Commercial banks in Nigeria shut down 234 branches and 649 Automated Teller Machines (ATMs) in 2020, according to reports from the International Monetary Fund (IMF).
The global financial body disclosed this in its Financial Access Survey 2021 Trends and Developments.
According to details from the reports, the closure of banks and ATM service points across the country led to a 7% decline in the country’s Financial Access Score (FAS). Nigeria recorded a 4.44 score, down from the 4.78 it recorded in 2019.
The International Monetary Fund is known to utilize two FAS indicators to monitor Target 8.10 of the 2030 Sustainable Development Goals (SDGs).

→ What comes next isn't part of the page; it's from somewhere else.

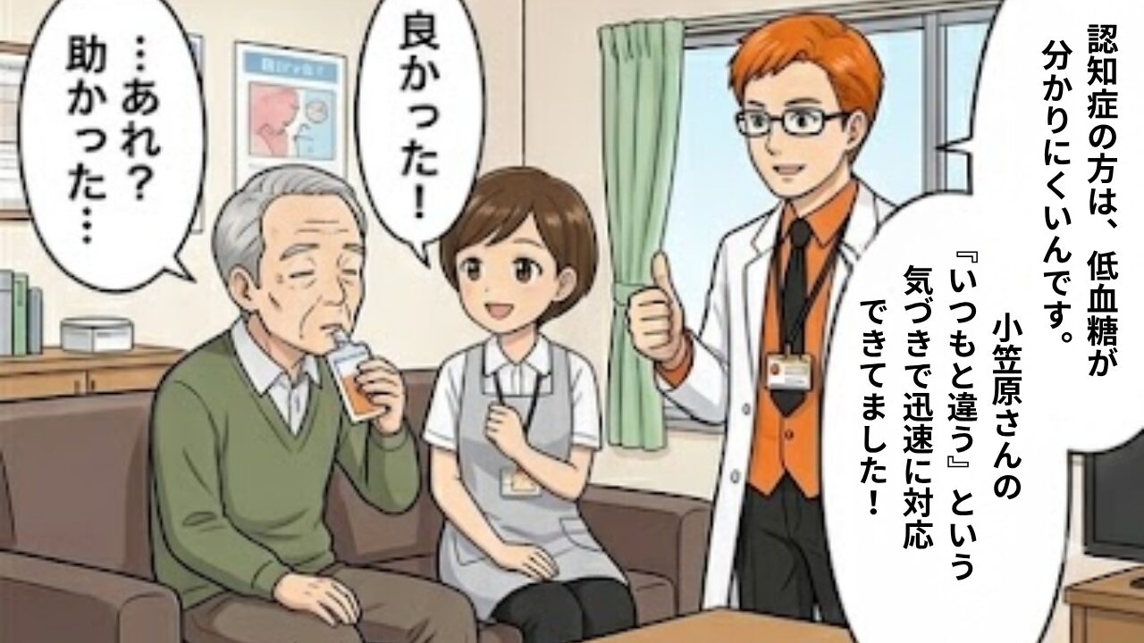 理由: 認知症患者の低血糖は見分けにくい。認知症患者も自らの違和感を言葉にできないから。いつもと様子が違うかどうか、介護者がアンテナを意識して張らないと低血糖を見つけられない。

That SDG aims to increase domestic financial institutions’ capacity to promote access to banking and financial services.
The international institution disclosed that the number of commercial bank branches per 100,000 adults and the number of ATMs per 100,000 adults are the two commonly used FAS indicators.
The IMF report states that Nigeria experienced reductions in these two crucial FAS indicators as well as 12 other FAS indicators out of a total of 64 used.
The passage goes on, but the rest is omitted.